Corollary 3.3 (Partial irreducibility ⇒ partial handle). A channel with partial decoherence has an intermediate topological character between perfect handle (perfectly insulated) and pure flux tube (fully ambient-embedded). This provides a continuous interpolation between the two pictures, with the “handle fraction” measurable in principle as the channel’s entanglement preservation fidelity. This corollary will not be used in the main argument; it is noted as a framework-distinctive structural prediction.

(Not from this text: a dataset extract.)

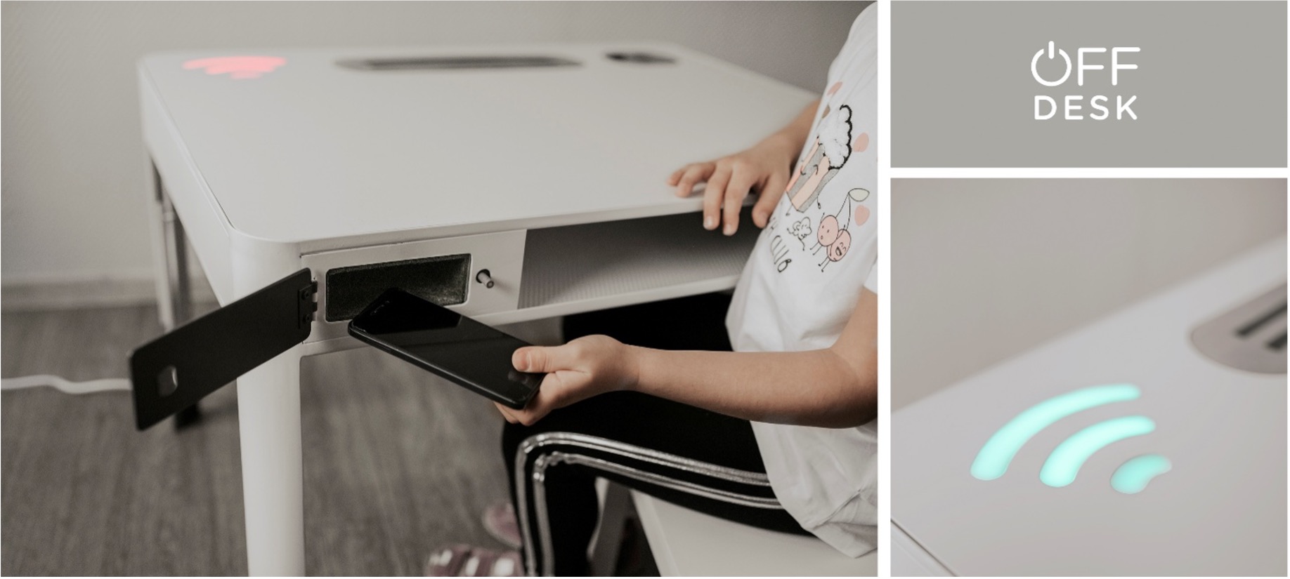 The relationality manifested in MDS projects—understood primarily as an exploration of the bonds between humans and their surroundings—does not limit itself to the natural world. Equally important are inquiries into our relationships with technology. An example of such an approach is Off Desk [48], an interactive school desk with an audio-visual system that encourages students to set aside their mobile phones during class time (Figure 11). The object features a built-in Faraday cage designed to store smartphones during lessons. Since it blocks access to external electromagnetic fields, a phone placed inside becomes practically non-functional. In this case, interactive technologies are used to foster conscious distance from the digital environment. Users’ mindfulness and intrinsic motivation are stimulated through light and sound signals generated by the object. A backlit Wi-Fi symbol on the desk’s surface, glowing in a specific colour, indicates a request to put the phone away. As a reward for completing the task, the desk generates a pleasant sound (e.g., birdsong, applause), which can be personalized. Simultaneously, the Wi-Fi symbol changes to a light blue colour.
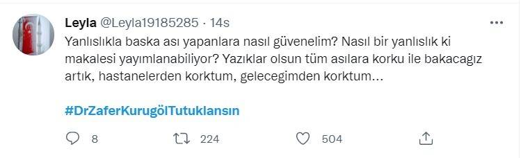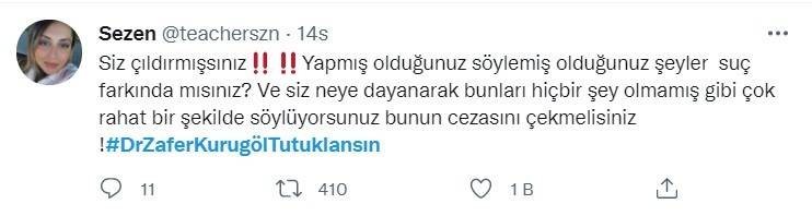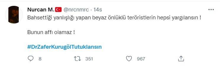 Vatandaşların tepkisini yazdığı #DrZaferKurugölTutuklansın etiketi Türkiye'ye gündemi listesine girdi. Etikete on binlerce tepki tweeti atıldı.Etikette Abdurrahman Dilipak, Serdar Arseven, Erkan Trükten gibi isimler de tepkilerini dile getirdi.

4. Non-Embedding Implies Handle Topology

This section establishes Step 4 of the program: that an endpoint-only-embedded channel forces a spatial handle in the continuum sprinkling limit. The argument has two parts: existence of a consistent handle interpretation (Section 4.1) and exclusion of the flat-space (flux-tube) interpretation (Section 4.2).

4.1 Handle Existence (Constructive)

Proposition 4.1 (Wormhole manifold construction). There exists a globally hyperbolic Lorentzian manifold $(M_W, g_W)$ with the following properties:

(a) Asymptotic structure: $(M_W, g_W)$ contains a region asymptotically isometric to two disjoint copies of flat $\mathbb{R}^3 \times \mathbb{R}$, each containing one of the observer worldlines.

(b) Spatial handle: Cauchy slices of $(M_W, g_W)$ have spatial topology $\mathbb{R}^3 \# (\mathbb{R} \times S^2)$, the connected sum of flat space with the “handle” $\mathbb{R} \times S^2$. The first homology is $H_1(\Sigma; \mathbb{Z}) = \mathbb{Z}$, generated by a loop traversing the wormhole throat in one direction and ambient space in the other.

(c) Global hyperbolicity: $(M_W, g_W)$ is globally hyperbolic in the bifurcate-horizon sense (admits a global Cauchy surface).

Existence proof. Two canonical examples:

• Eternal Schwarzschild–Kruskal extension. The maximal extension of Schwarzschild has spatial slices $\mathbb{R} \times S^2$ (with one $S^2$ pinch at the bifurcation surface). This satisfies (a) with the two asymptotic regions joined through the Einstein–Rosen bridge, (b) with the handle being the bridge, and (c) by standard arguments (the Kruskal extension is globally hyperbolic; see Hawking–Ellis, 1973). However, the Schwarzschild throat is non-traversable and contains a horizon — not all framework applications require this.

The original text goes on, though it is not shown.